§ **What to work on**: Exactly the lines from the start of the entries through the line with "Named for its" are required in the output, with no pictures among them.

(Records from a data collection)
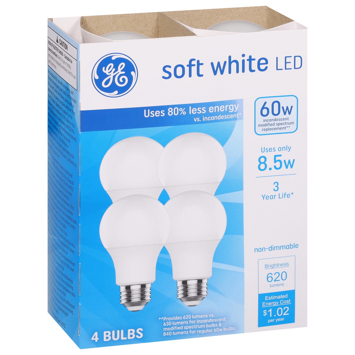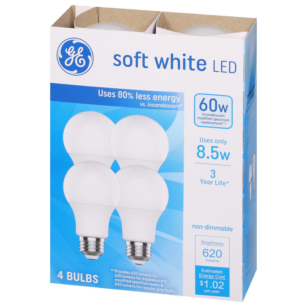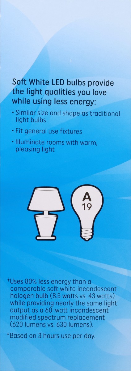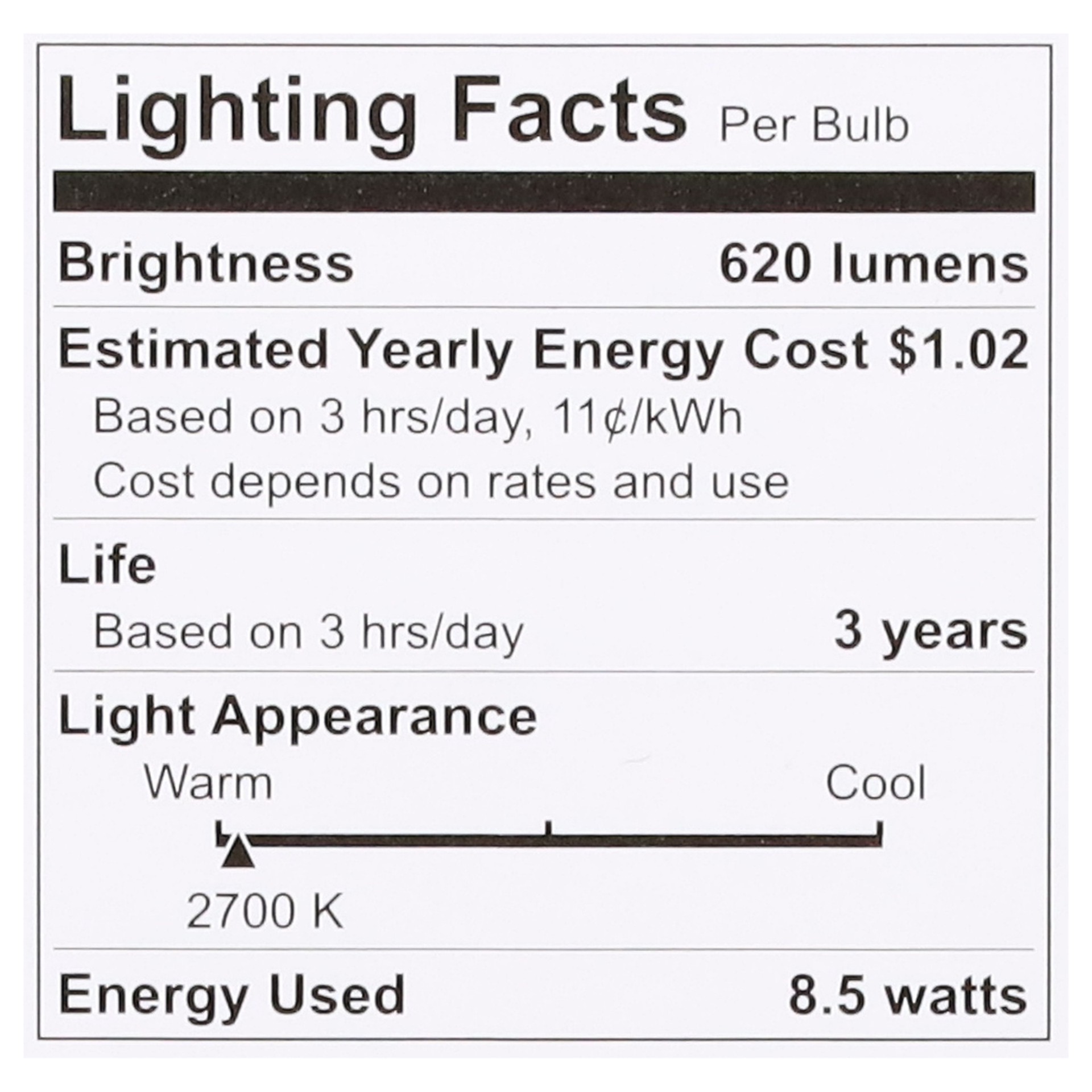 Energy Info: Based on 3 hrs/day, 11 cent/kwh cost depends on rates and use 8.5 watts. Package Info: 4-Pack. 4. Voltage: 60 watts. Bulb Info: Both. LED. Screw. Bulb Life: 3 years Based on 3 hrs/day Bul…
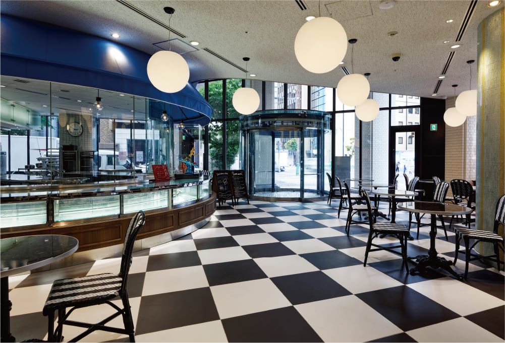 ガラス張りのオープンキッチンやフランスの街並みを再現したエントランス。
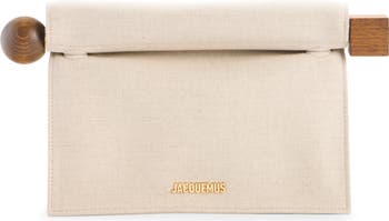 Named for its sculptural round and square hardware, this leather-trimmed canvas clutch has a boxy, roll-top shape modeled after takeout bags.
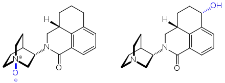 Orally taken palonosetron is absorbed well from the gut and has a bioavailability of 97%. Highest blood plasma levels are reached after 5.1±1.7 hours, independently of food intake, and plasma protein binding is 62%. 40% of the substance are eliminated in the unchanged form, and a further 45–50% are metabolized by the liver enzyme CYP2D6 and to a lesser extent by CYP3A4 and CYP1A2. The two main metabolites, the N-oxide and a hydroxy derivative, have less than 1% of palonosetron's antagonistic effect and are thus practically inactive.[5][6]
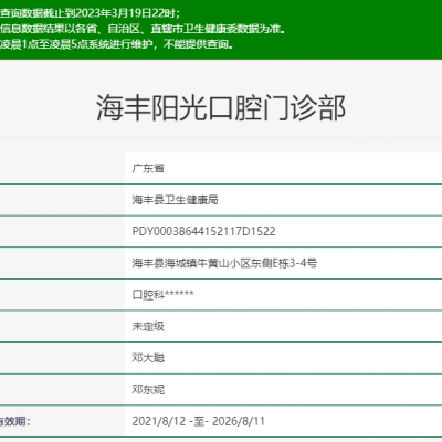 汕尾海豐陽光口腔怎么樣?可從院內的資質一探究竟。海豐陽光口腔是海豐比較好的牙科之一。從衛(wèi)建委相關資質可以看出,海豐陽光口腔是一家正規(guī)口腔牙科。汕尾海豐陽光口腔門...

§ **Response box**:
 Energy Info: Based on 3 hrs/day, 11 cent/kwh cost depends on rates and use 8.5 watts. Package Info: 4-Pack. 4. Voltage: 60 watts. Bulb Info: Both. LED. Screw. Bulb Life: 3 years Based on 3 hrs/day Bul…
 ガラス張りのオープンキッチンやフランスの街並みを再現したエントランス。
 Named for its sculptural round and square hardware, this leather-trimmed canvas clutch has a boxy, roll-top shape modeled after takeout bags.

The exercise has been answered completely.